Draganfly introduced its first commercial UAV systems in 1999 and released the first multi-rotor UAV equipped with an integrated camera system in 2001.

In May 2013, the Royal Canadian Mounted Police (RCMP) in Saskatchewan used a Draganflyer X4-ES equipped with a forward-looking infrared camera to locate a driver who had wandered from an overturned vehicle into a wooded area in near-freezing temperatures. The event was reported as the first known instance in which a small unmanned aircraft contributed to saving a human life, and the aircraft used in the rescue was later put on permanent display at the Smithsonian National Air and Space Museum in Washington, D.C.
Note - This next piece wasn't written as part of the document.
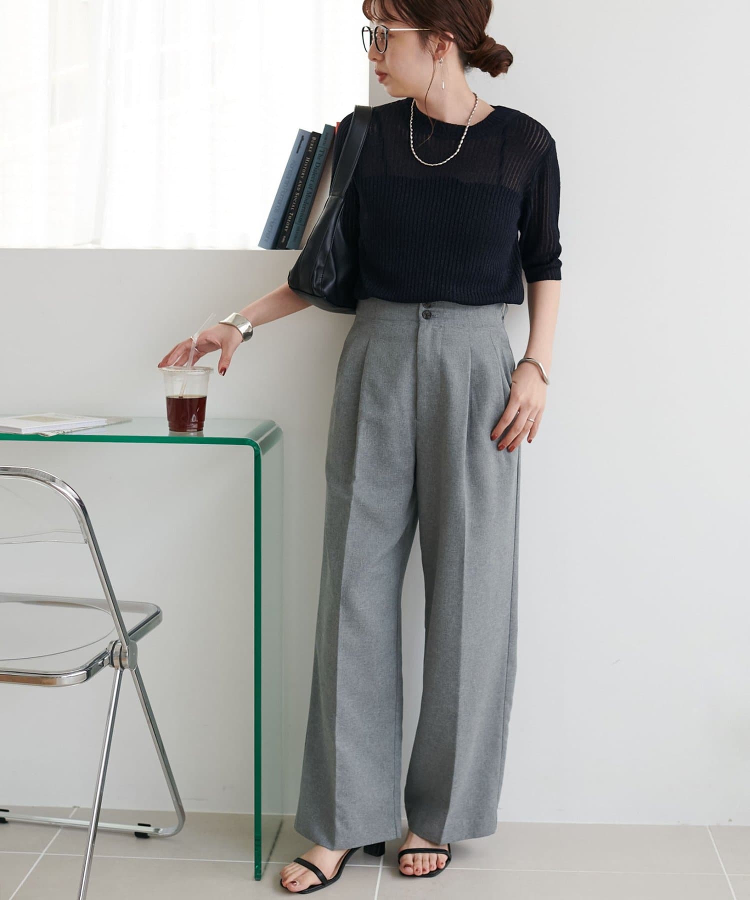 ・スラックスと合わせてきれいめに着こなしたスタイリングも◎

In July 2015, Draganfly was acquired by TRACE Live Networks, a U.S.-based technology firm, and continued operations under the TRACE co-founder, Cameron Chell.

Draganfly was incorporated in British Columbia in June 2018 as a vehicle to take the operating business public. Following a reverse-takeover transaction, the company's common shares began trading on the Canadian Securities Exchange under the symbol "DFLY" on November 5, 2019. They were subsequently quoted on the OTCQB Venture Market in the United States in January 2020. In April 2020, Draganfly acquired Dronelogics Systems Inc., a Canadian drone services and solutions integration company, as a wholly owned subsidiary. In January 2021, the company begun the process of applying to up-list its shares to the Nasdaq, citing potential benefits including improved stock liquidity and a broader institutional shareholder base; the shares subsequently began trading on Nasdaq under the ticker "DPRO."

During the COVID-19 pandemic in 2020, the company developed and tested "Pandemic drones," intended to assist with public health monitoring by analyzing crowd data and detecting physiological indicators.

Following the Russian invasion of Ukraine in 2022, Draganfly began supplying drones to Ukraine for humanitarian aid, medical supply delivery, search & rescue, reconnaissance, and humanitarian demining.

The company collaborated with the Massachusetts Department of Transportation (MassDOT) and Mass General Brigham (MGM) to launch a drone-delivery program for medical supplies in 2024. In the following year, Draganfly expanded its domestic United States manufacturing capacity and began selling its products to the US Department of Defense (DoD).
== Recognitions ==
Draganfly was also recognized with the Ernest C. Manning Award, for founder Zenon Dragan in 2014, and its representatives testified before a 2013 U.S. Senate Judiciary Committee hearing on drone use, law enforcement, and privacy.